Topological spin-up triplet excitonic condensation in two-dimensional electron-hole systems

TL;DR

This paper explores a novel topological phase of spin-up triplet excitonic condensation in 2D electron-hole systems, revealing unique topological properties and potential realizations in layered materials.

Contribution

It introduces the first theoretical demonstration of topological spin-up triplet excitonic condensation influenced by spin-orbit coupling and magnetic fields.

Findings

Identification of a spin-up triplet excitonic condensate with nonzero Chern number

Discovery of strong spin-polarized excitonic fluctuations before condensation

Proposal of realistic material platforms for observing this phase

Abstract

We investigate topological spin-up triplet excitonic condensation and its competition with other stabilities in a two-dimensional interacting electron-hole system taking into account Rashba spin-orbit coupling and external magnetic fields.
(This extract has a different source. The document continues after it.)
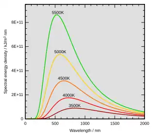unde g este o funcție de o singură variabilă. Conform legilor lui Kirchhoff, funcția I(λ,T) (sau I(ν,T)) este legată în mod simplu de densitatea de energie u(λ,T) (sau u(ν,T)) a radiației corpului negru raportată la unitatea de lungime de undă (sau de frecvență):

Using an unrestricted Hartree-Fock approach, we self-consistently evaluate spin-selective excitonic condensate order parameters and the Chern number. The ground state phase diagram in the dependence on magnetic field and Coulomb interaction shows a spin-up triplet excitonic condensate (EC) with a nonzero Chern number, emerging uniquely away from the topologically trivial singlet and spin-down triplet EC regions. Strong spin-polarized triplet excitonic fluctuations preceding the condensation are further revealed through the signatures of the dynamical excitonic susceptibility spectra. Our results establish a class of topological quantum phases driven by excitonic coherence and suggest a realistic pathway to its realization in a distorted Janus monolayer of transition metal dichalcogenides or some twisted van der Waals heterostructures.